• **The data**
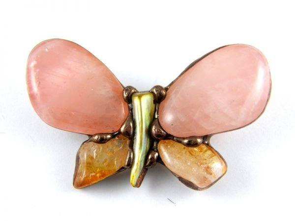 Niepowtarzalna broszka wykonana ręcznie z naturalnych kamieni: kwarcu różowego i cytrynów, oprawionych w metal.
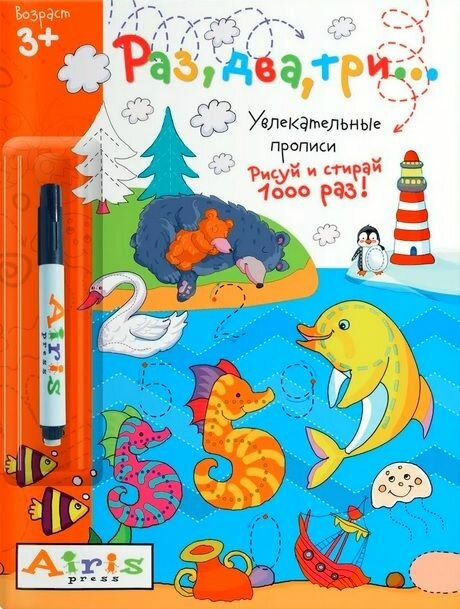 Раз два три Рисуй и стирай Увлекательные прописи с фломастером (Самусенко Ольга Александровна, Зверева Вера (иллюстратор)); Айрис-пресс, 2019
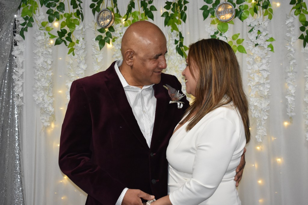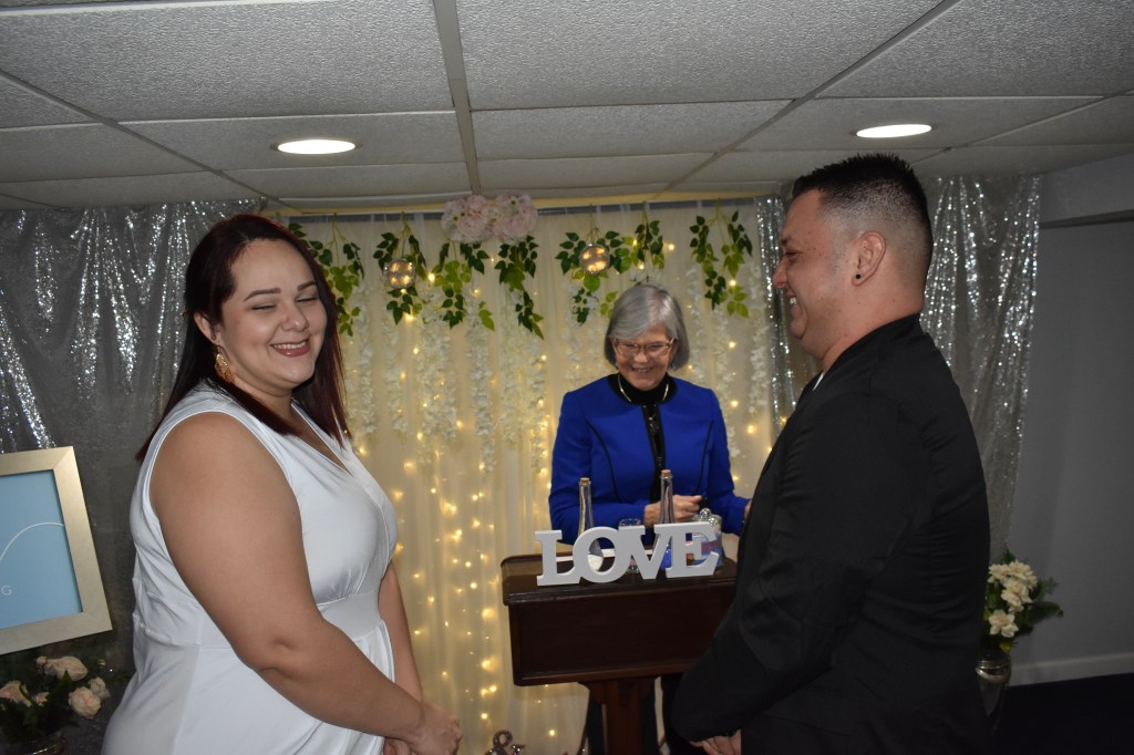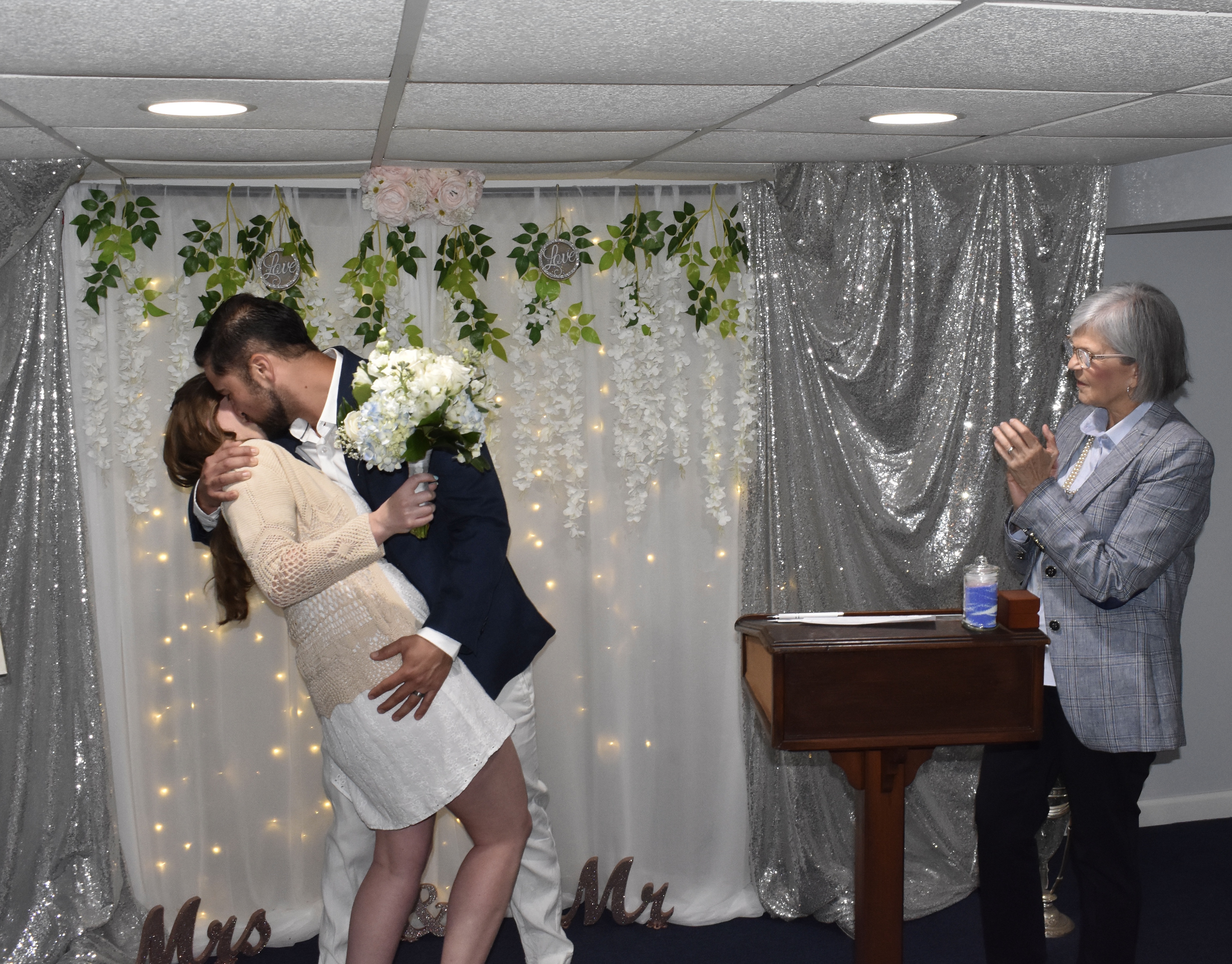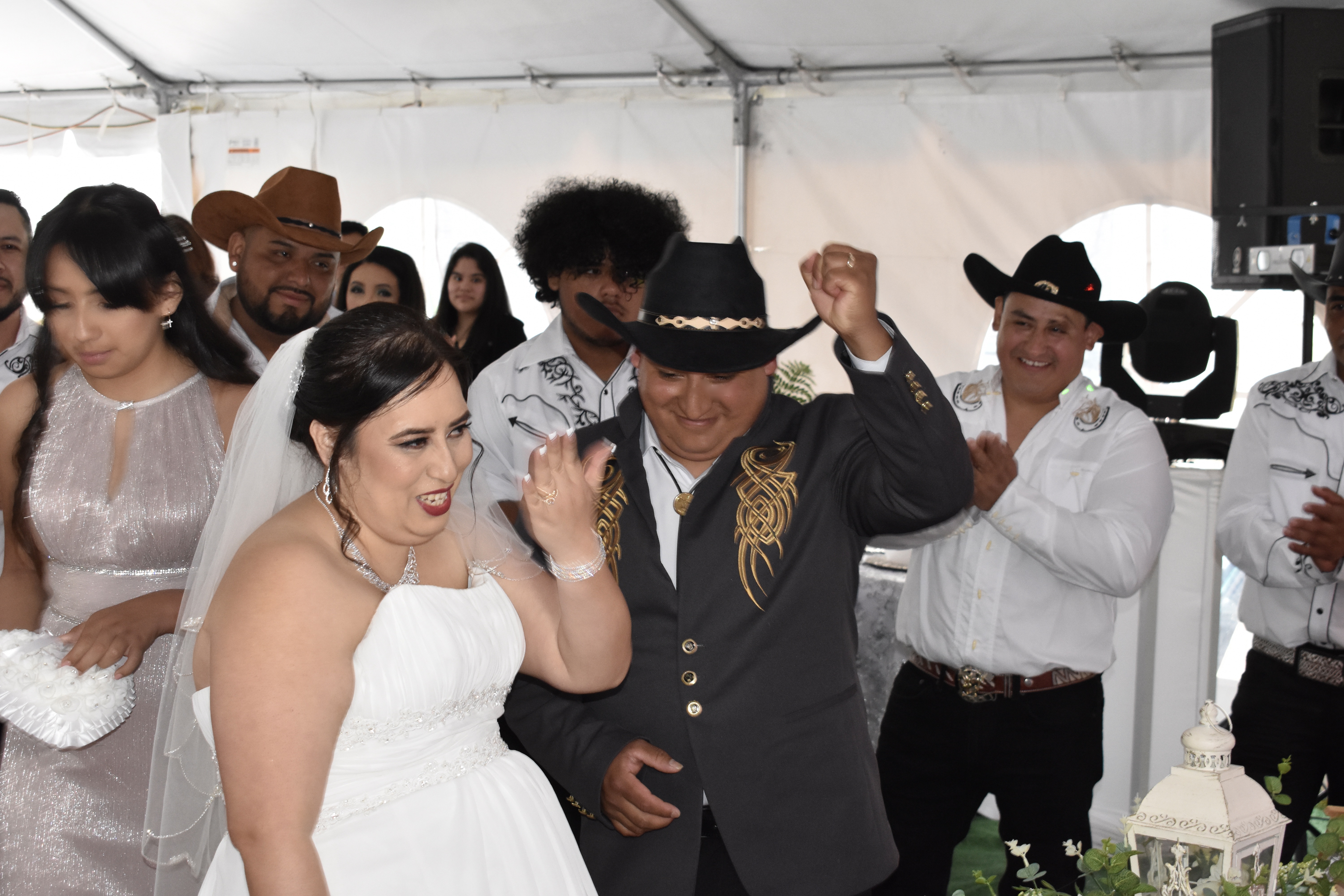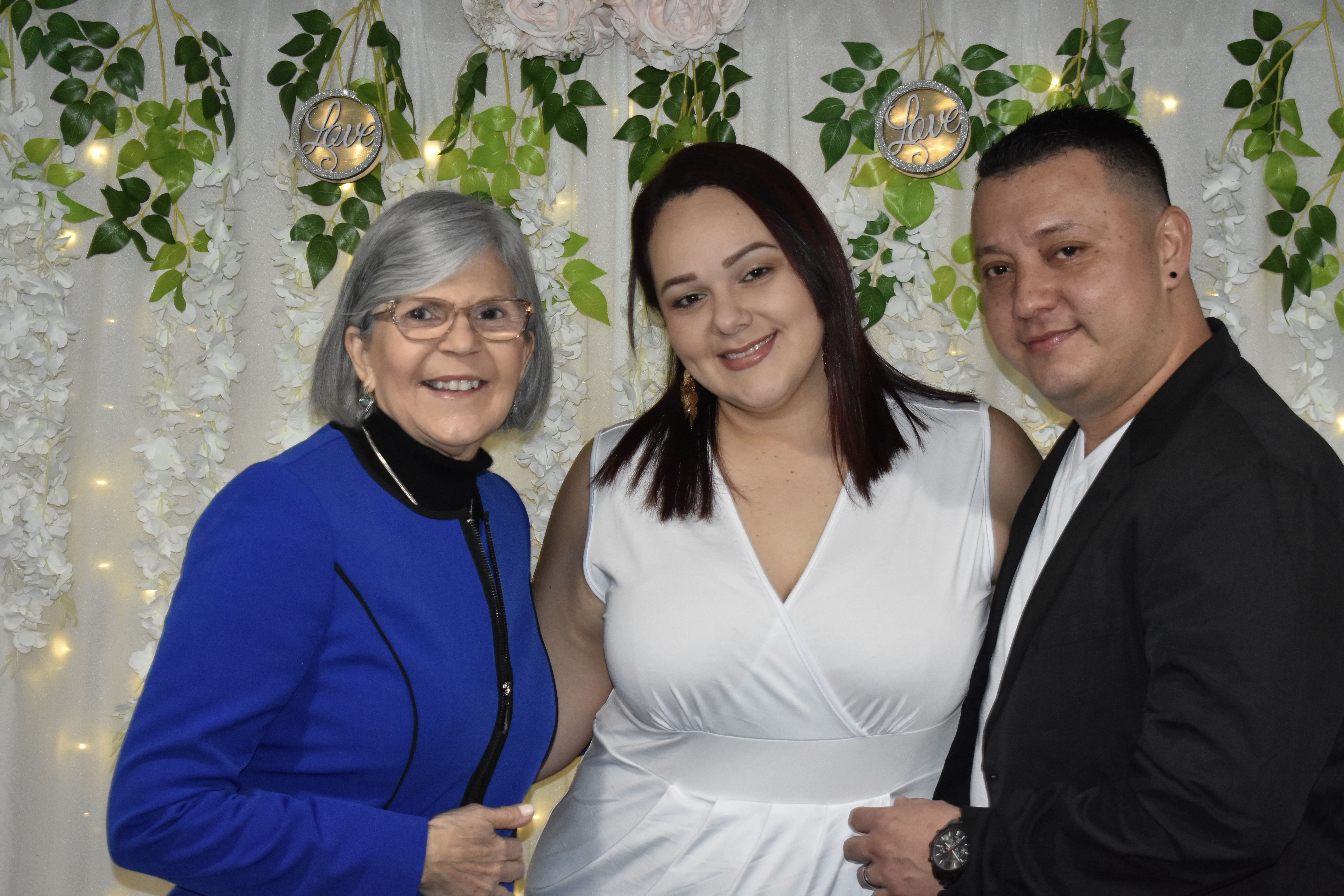 Alma Nayeli y Rafael son mexicanos. El novio y los caballeros de honor, vistieron con ropa típica de su país. Todo estaba lindamente decorado en fondo blanco con detalles lila, que fue el color de los trajes de las damas de honor. Los padres de la novia están en Mexico y enviaron unos lindos muñecos para ser colocados en el altar, representando la presencia de ambos. Tanto los padres de la novia, como del novio, estuvieron presentes por video llamada y pudieron enviarle bendiciones a sus hijos. Los novios tienen 13 años juntos, dos hijas y un bebe en camino. Una boda divertida, diferente y familiar. 15/4/23.

• **Your goal**
Up to and including the line with "Раз два три", copy the data above from its first line. Skip pictures.

• **Answer space**
 Niepowtarzalna broszka wykonana ręcznie z naturalnych kamieni: kwarcu różowego i cytrynów, oprawionych w metal.
 Раз два три Рисуй и стирай Увлекательные прописи с фломастером (Самусенко Ольга Александровна, Зверева Вера (иллюстратор)); Айрис-пресс, 2019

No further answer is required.